In a statement released Tuesday, Healthline directly refuted the Gateway Pundit’s allegations that the word “vagina” would effectively be wiped from the site’s coverage, saying they are “simply not true.”

“As one of the world’s leading health websites, we place a huge emphasis on standards of accuracy, integrity, and balance,” the company claimed in a statement called “We’re Not Renaming the Vagina.” “Every article we publish undergoes a rigorous editorial process and extensive medical review.”
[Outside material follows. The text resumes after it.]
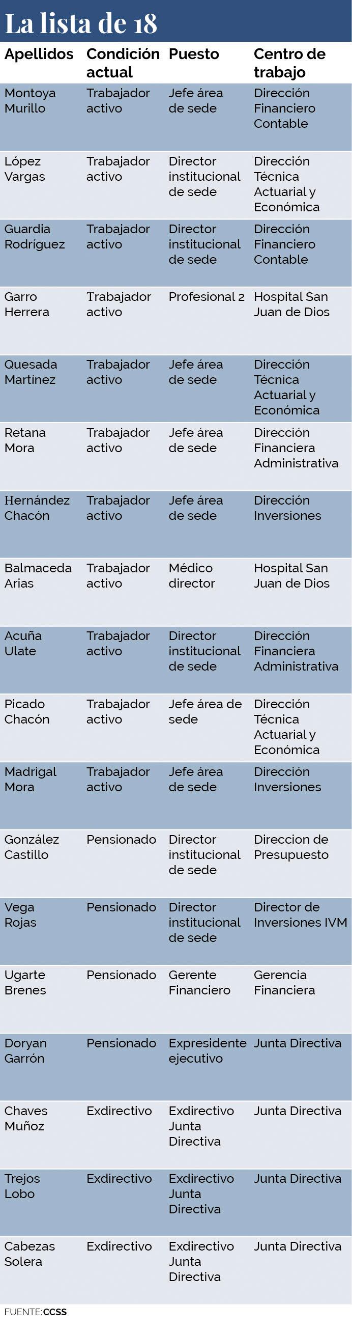 De los 18 citados en la acusación de la Fiscalía, 11 aún trabajan en altos puestos de la CCSS.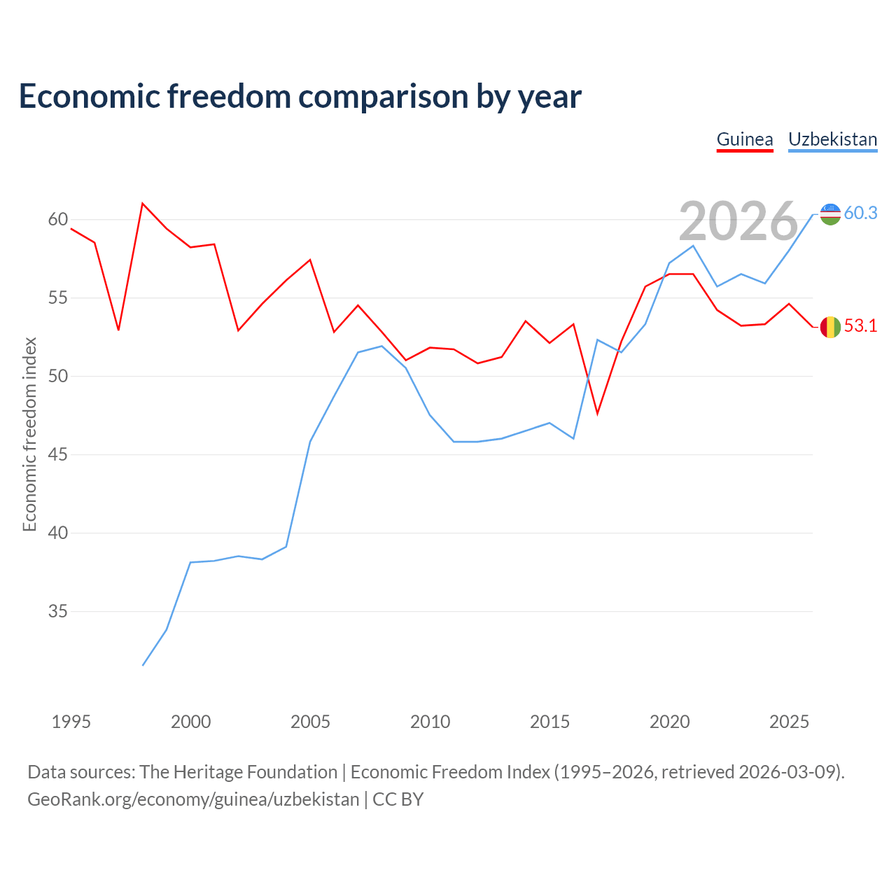 The Economic Freedom Index for Guinea is 53.1, ranking 141/197, compared to 60.3 for Uzbekistan, ranking 94/197. The chart above displays a comparison of annual changes in economic freedom indexes.

Healthline clarified that both terms are used throughout the manual: “front hole” was included 16 times and “vagina” 17 times.

“‘Front hole’ is one of the numerous, accepted terms for geηitalia we use specifically for certain members of the trans community who identify with it,” the company added. “In no instance in this guide are we saying we want to replace the word νagina.”

Advocates for Youth added that the terminology highlights the experiences of gender diverse individuals.

“Healthline crafted their pamphlet to be inclusive of all types of bodies and all people,” claimed its president, Debra Hauser. “They included terms used by some in the transgender community as well as medical terms.”

“Sex Ed is rarely able to be this inclusive, and we applaud Healthline for creating such a valuable resource,” she continued in a statement. “Representation matters, and having words that reflect how each of us describes our body parts is crucial to lifelong health and well being.”

The language, which is consistent with terminology used by Fenway Health, National Institutes of Health, and Whitman-Walker, was recommended in a November 2017 article by the BMC Pregnancy and Childbirth journal.

Following conversations with 10 transgender men about their experiences with medical providers, authors Alexis Hoffkling, Juno Obedin-Maliver, and Jae Sevelius recommended that clinicians use “the language patients use to describe their reproductive organs and bodies” in conversations with trans clients.

“There is a long history of transgender people facing abuse, objectification, and neglect both within and beyond health care settings,” the authors claim. “This may frame your encounters.”

Thus, terms like “front hole” are intended to lessen the trauma trans people may experience around their own bodies and the harm they may encounter when discussing their bodies with health providers or partners. Because transgender men do not identify as women, gendered words like “vagina” may feel specific to womanhood and, thus, threaten to erase their own experiences as men.

The recent embrace of gender-inclusive language in health settings is intended to lessen the stigmatization and outright discrimination many trans people face when accessing health care.

In a survey from the National Center for Trans Equality and the Task Force, nearly one in five trans people (or 19 percent) say they have been refused care because of their gender identity. Twenty-eight percent of respondents claim to have postponed going to the doctor in fear of harassment, mistreatment, or abuse.

To combat these realities, the British Medical Association (BMA) released guidance in 2017 advising medical professionals to refer to “pregnant people” instead of “mothers” when treating patients.